[Spambayes] RE: Central Limit Theorem??!! :)

[Tim Peters]

[Neil Schemenauer]
> I don't have anything useful to add except to say that this looks very
> promising.

So far, yes!  The logarithmic variation of Gary's scheme (which I was using)
computes both a ham and a spam statistic from the word probs, and this seems
akin to the gimmick we speculated about earlier for using two "no false
positives" and "no false negatives" scoring gimmicks to grope at some notion
of confidence.

> I'm an idiot when it comes to statistics but even I know
> what 18 standard deviations means.

It means 1 chance in about 10**72.  I've forgotten how many electrons there
are in the universe, although I've long suspected there's really only one
<wink>.

> Also, having a system that generates a "confidence" value in addition
> to a "rating" is a huge bonus.
>
> No time to play with it now, unfortunately.  Maybe tomorrow.

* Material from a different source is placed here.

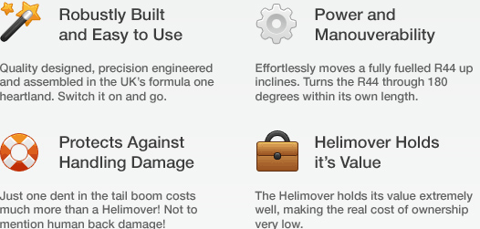 The Helimover™ is an electric tug / tow cart / trolley designed for Robinson R22, R44 and R66 helicopters. It provides a simple and economic means of ground handling for Robinson helicopter owners and operators.

If you can make some time, it's

"""
[Classifier]
use_robinson_probability: True
robinson_probability_x: 0.5
robinson_probability_a: 0.225
max_discriminators: 30
robinson_minimum_prob_strength: 0.1
use_central_limit2: True

[TestDriver]
spam_cutoff: 0.5
"""

The relevant routines in classifier.py are

    central_limit_compute_population_stats2()
    central_limit_spamprob2()

The latter replaces the default spamprob() (enabling use_central_limit2 does
that by magic).  The statistic it computes at the end (the "score" it
returns):

        stat = abs(zham) - abs(zspam)  # > 0 for spam, < 0 for ham

        if stat < -20.0:
            stat = -20.0
        elif stat > 20.0:
            stat = 20.0
        stat = 0.5 + stat / 40.0

is simply looking at the sign bit of the difference between the z-scores,
scaling it in an absurd way to fit in [0., 1.].  These scores don't make any
sense, though, *beyond* mapping - and + to < 0.5 and > 0.5 respectively.

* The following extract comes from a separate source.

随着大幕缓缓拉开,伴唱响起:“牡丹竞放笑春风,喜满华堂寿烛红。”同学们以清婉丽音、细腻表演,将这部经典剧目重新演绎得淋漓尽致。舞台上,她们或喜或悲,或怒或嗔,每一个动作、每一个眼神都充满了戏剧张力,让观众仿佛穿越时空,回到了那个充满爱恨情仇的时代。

This scheme can't be used with timcv (yet), but can be used with timtest.

Things that need investigating:

+ How to compute a sensible score?
  An honest-to-God probability can be computed from a z-score, and
  I can supply code to do that (although I'd look on google first
  for Python code that can already do that; a simple search over a
  canned sorted list of (abs(zscore), probability) tuples is the
  quickest way to get a good idea).

+ How to represent, compute, and return a measure of confidence?

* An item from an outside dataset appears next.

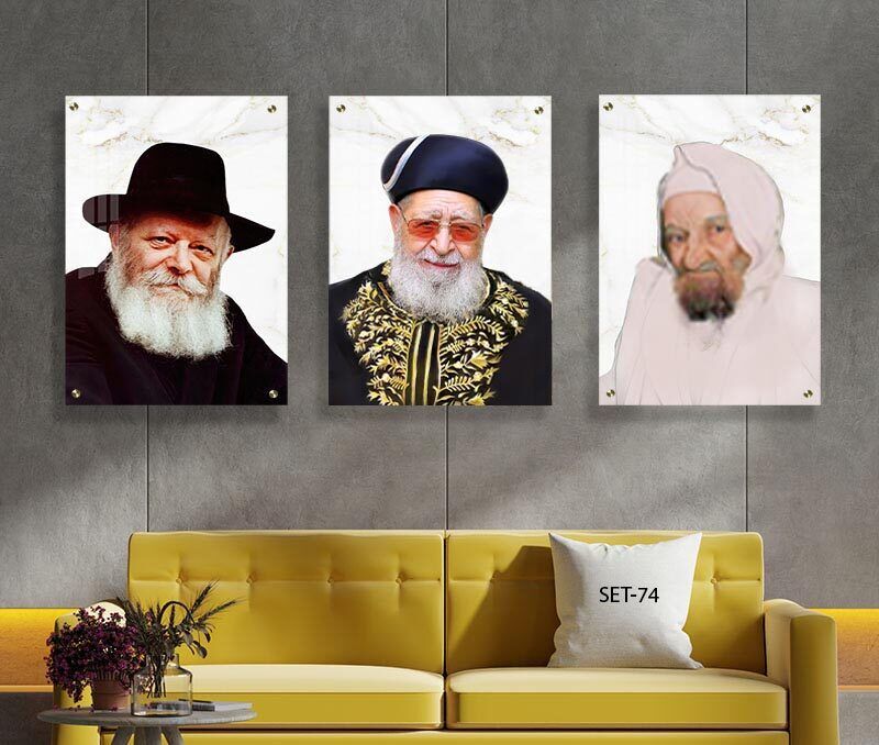 הסט כולל שלוש תמונות זכוכית נפרדות, המציגות את דמויותיהם של רבנים נערצים בצבעוניות עשירה על רקע שיש לבן אלגנטי:

+ Once that's done, how well does it work?  Does it ever err when
  it's confident?  Since the answer is "yes" <wink>, what are the
  error rates in the region of confidence?  What rates of ham and
  spam is it uncertain about?  If that's high, it may not be usable.
  In my quick tests, it's possible to deduce from the absurdly
  scaled result that it was extremely confident about 3932 of 4000 ham
  and made no errors on those.  Also possible to deduce it was
  extremely confident about 2401 of 2800 spam, and made no errors
  on those.  Overall, it got 0 fp and 9 fn from looking at just
  the sign bit.  The z-scores are both "large" in the cases it
  erred, although it gets to be a delicate decision when the number
  of words is small.  For example, one fn here had only 8 tokens,
  and had z-scores of -3.8 and -5.2.  Neither is astronomically
  unlikely, but both are "quite unlikely".  OTOH, plenty of ham
  and spam have one "quite unlikely" and one "astronomically
  unlikely" z-score each, and it's probably best to be quite
  confident about those.  I simply don't know a good way to combine
  this evidence yet.

+ After a sensible way of computing scores is worked out:
  - What's a better value for robinson_minimum_prob_strength?
    Gary would be happiest if it turned out to be 0 <wink>.
  - What's a better value for max_discriminators?  30 is just an
    educated guess at the minimum that's almost certain to be
    robust.  It may be robust at smaller values.  It may also get
    real benefit from sucking in more clues (bet then shorter
    msgs may become more of a puzzle too).